Reputation: 912
I am trying to get the list of colours in an image to be listed in separate cells in an excel sheet along with the count and percentage
I have managed to transfer data to excel sheet but it was all combined in one cell. I have searched how to do it but now I am getting
TypeError: unhashable type: 'slice'
Here is what I have tried
import pandas as pd
from PIL import Image
from collections import Counter
import prettytable
img = Image.open("Original 2.JPG")
size = w, h = img.size
data = img.load()
colors = []
for x in range(w):
for y in range(h):
color = data[x, y]
hex_color = '#'+''.join([hex(c)[2:].rjust(2, '0') for c in color])
colors.append(hex_color)
#pt = prettytable.PrettyTable(['Color', 'Count', 'Percentage'])
total = w * h
for color, count in Counter(colors).items():
percent = int(count/total * 100)
if percent > 0:
# pt.add_row([color, count, percent])
# print(pt, total)
final = {'colors': [colors],
'count': [count],
'percent': [percent]
}
df = pd.DataFrame()
df['colors'] = final[0::3] <--------------Error returning from here
df['count'] = final[1::3]
df['percent'] = final[2::3]
df.to_excel(r'C:\Users\Ahmed\Desktop\Project\export_dataframe.xlsx',
index=False, header=True)
Upvotes: 1
Views: 74
Reputation: 4860
The code within your for loop really doesn't make sense.
This if statement is always true, which makes it redundant:
Edit: Ignore this.
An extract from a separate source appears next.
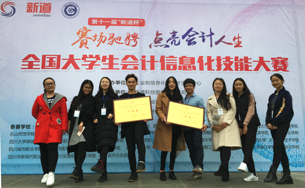 2017年11月18日,由工信部人才交流中心主办,新道科技(四川)有限公司、成都工业职业技术学院承办的第十一届“新道杯”全国大学生会计信息化技能大赛四川赛区决赛在成都工业职业技术学院举行。财务管理系两支代表队根据大赛要求精心准备,最终分别获得本科组团体一等奖和二等奖的好成绩。
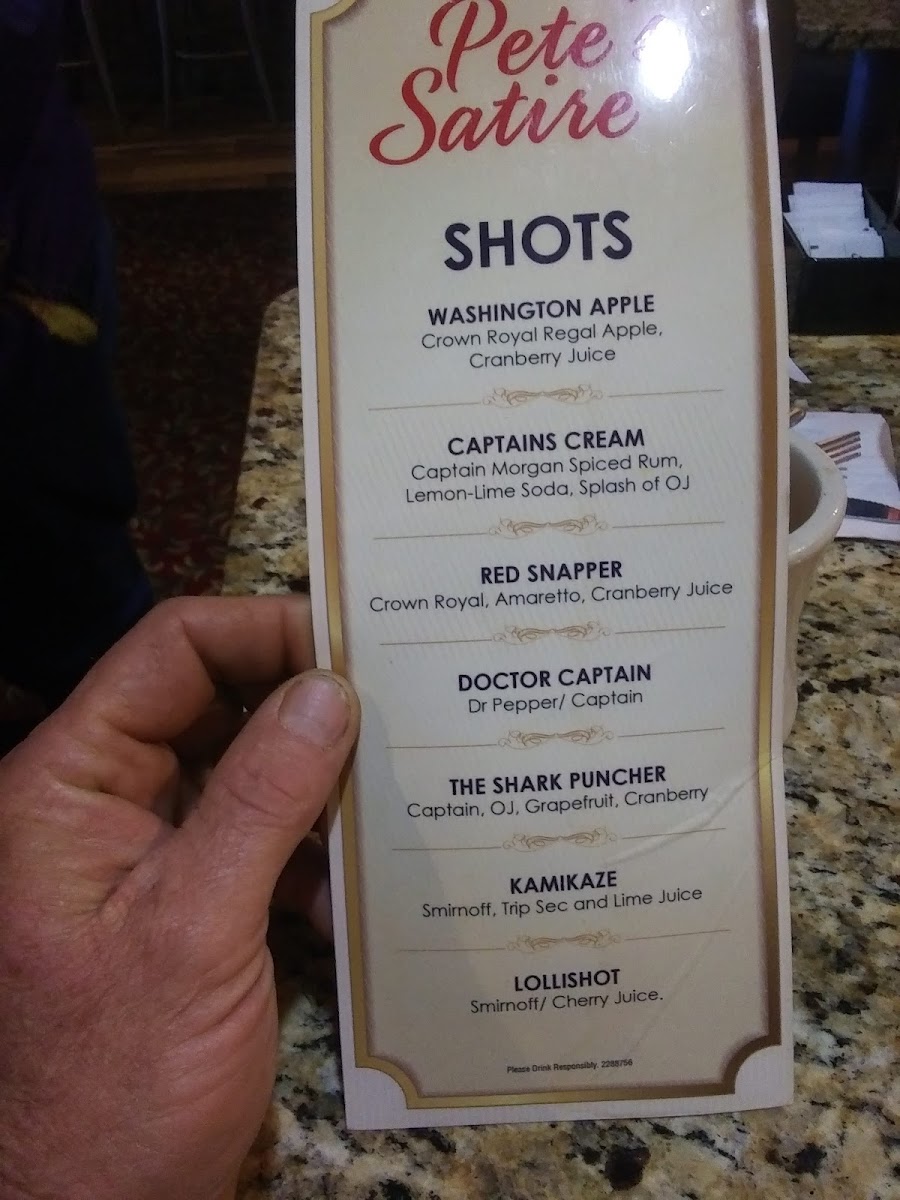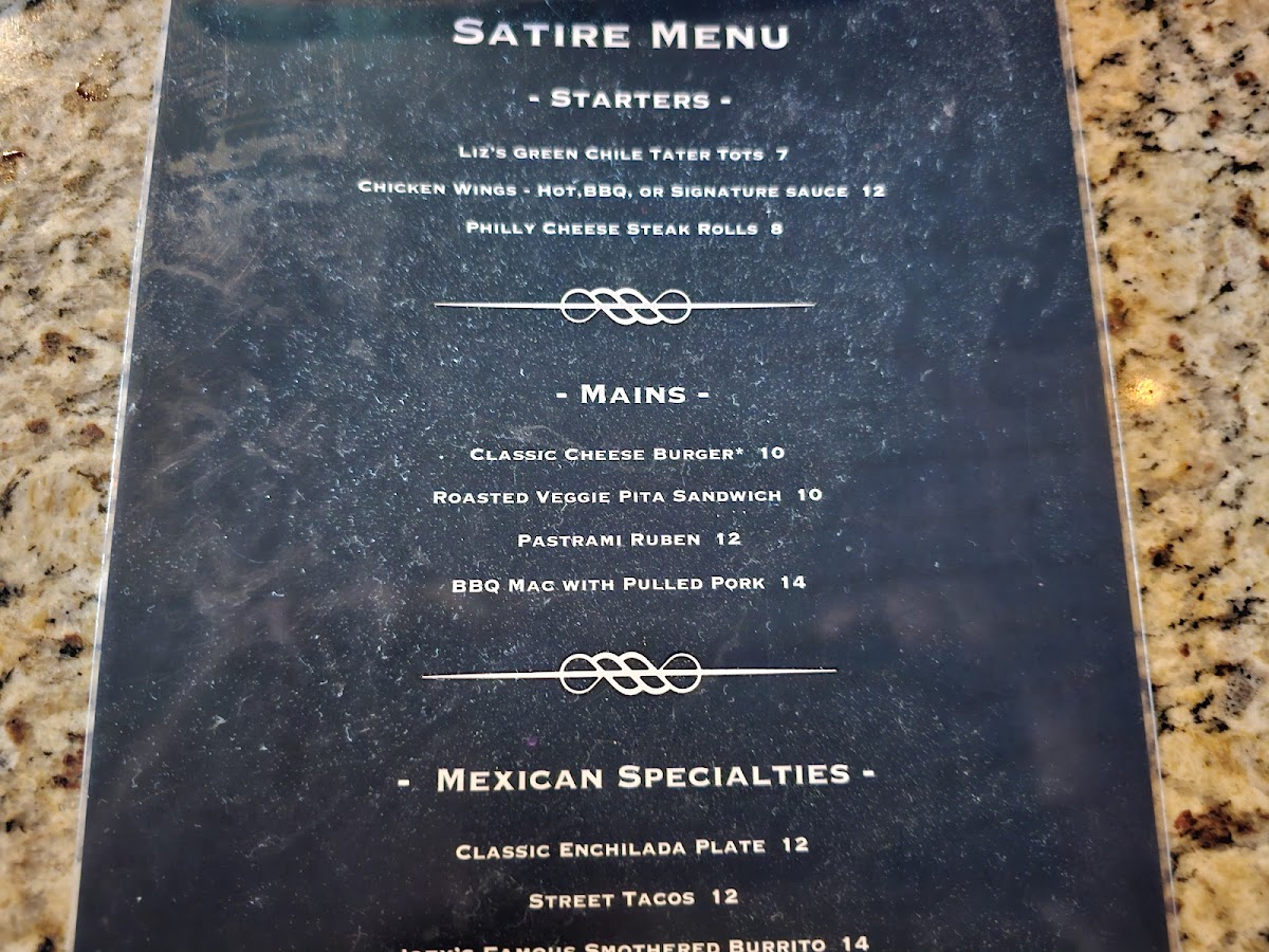 Pete's Satire Lounge Menu

The call to if percent > 0:
int
can return 0
, which would cause this if statement to be false.
Everything below that, including writing to an excel file, is executed for every colour. Presumably this is an indentation error.
df['colors'] = final[0::3] <--------------Error returning from here
final
is a dict
. You need to access it using one of its 3 keys. For example: final['colors']
, which would return the entire list of pixel colours, including duplicates.
What you want can be achieved with this code:
import pandas as pd
from PIL import Image
from collections import Counter
import prettytable
img = Image.open("Original 2.JPG")
size = w, h = img.size
data = img.load()
colors = []
for x in range(w):
for y in range(h):
color = data[x, y]
hex_color = '#'+''.join([hex(c)[2:].rjust(2, '0') for c in color])
colors.append(hex_color)
#pt = prettytable.PrettyTable(['Color', 'Count', 'Percentage'])
total = w * h
colors, counts = zip(*Counter(colors).items())
percentages = tuple(count / total for count in counts)
df = pd.DataFrame()
df['colors'] = colors
df['count'] = counts
df['percent'] = percentages
df.to_excel(r'C:\Users\Ahmed\Desktop\Project\export_dataframe.xlsx',
index=False, header=True)
The 2 key lines are:
colors, counts = zip(*Counter(colors).items())
percentages = tuple(count / total for count in counts)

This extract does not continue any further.